Aluminum prices are now close to a six-year high despite China’s restrictions. iPath Pure Beta Aluminum ETN (FOIL - Free Report) is thus a great bet now. JPMorgan sees aluminum prices rising another $100 a ton in the fourth quarter, noting they “have been well supported by collective realization that supply reform is a reality, despite Chinese aluminum inventories more than quadrupling so far this year,” as quoted on Financial Times.

The key steel-making ingredient iron ore is now hovering around its five-month high level, while zinc prices are at the highest level in 10 years, as per Financial Times.

ETFs to Profit

While metal ETFs are ways to play this euphoria, investors can try equity forms as well. Below we highlight a few such products.

SPDR S&P Metals & Mining ETF (XME - Free Report)

The fund has about half the exposure to the steel industry, followed by Coal & Consumable Fuels (13.94%) and Aluminum (11.64%). The fund charges 35 bps in fees.

iShares MSCI Global Select Metals & Mining Producers ETF (PICK - Free Report)

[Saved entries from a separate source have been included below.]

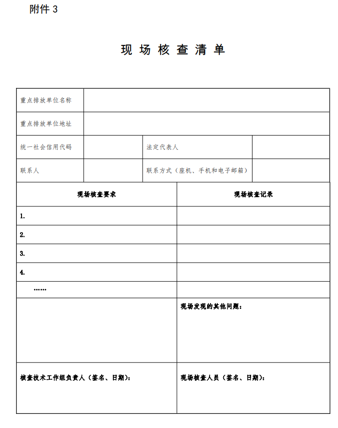現(xiàn)場核查組應(yīng)按照《現(xiàn)場核查清單》做好準備工作,明確核查任務(wù)重點、組內(nèi)人員分工、核查范圍和路線,準備核查所需要的裝備,如現(xiàn)場核查清單、記錄本、交通工具、通信器材、錄音錄像器材、現(xiàn)場采樣器材等?,F(xiàn)場核查組應(yīng)于現(xiàn)場核查前2個工作日通知重點排放單位做好準備。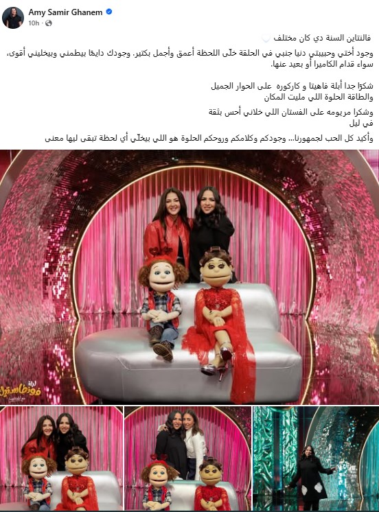 وجهت الفنانة إيمي سمير غانم رسالة شكر لـ شقيقتها دنيا وأبلة فاهيتا، وذلك بعد لقائهما في برنامج ليلة فونطاستيك يوم الفالنتين 14 فبراير.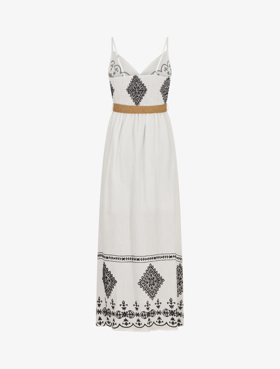 Robe longue à fines bretelles et broderies - Blanc - 3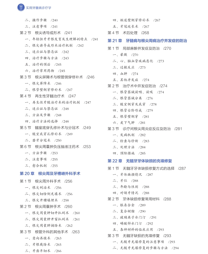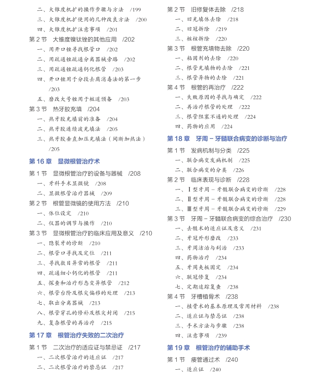 本书根据我国基层牙医的实际,全面介绍牙髓病与根尖周病诊疗需要了解的解剖、生理、病理、临床症状、检查诊断、治疗、修复方法及药物应用等方面的内容。本书除了介绍传统的治疗方法外,对现代根管治疗的器械、材料和方法都做了详细的介绍,并介绍目前对牙髓炎保髓治疗的前沿科技新方法。此外,本书还吸收众多国内外专家学者的重要论述及宝贵经验,为同行提供良好的参考资料。

This underlying index of the fund looks to track the performance of companies in both developed and emerging markets that are mainly engaged in the extraction and production of diversified metals, aluminum, steel and precious metals and minerals, excluding gold and silver. The fund focuses on BHP BILLITON Ltd (8.73%), Rio Tinto Plc (7.62%) and Glencore Plc (7.45%). It charges 39 bps in fees (read: 2 Mining ETFs and Stocks to Buy Now).

Bottom Line

While demand-supply dynamics may favor these products, investors should note that hawkish Fed policies can deter the rising momentum of metal and mining ETFs.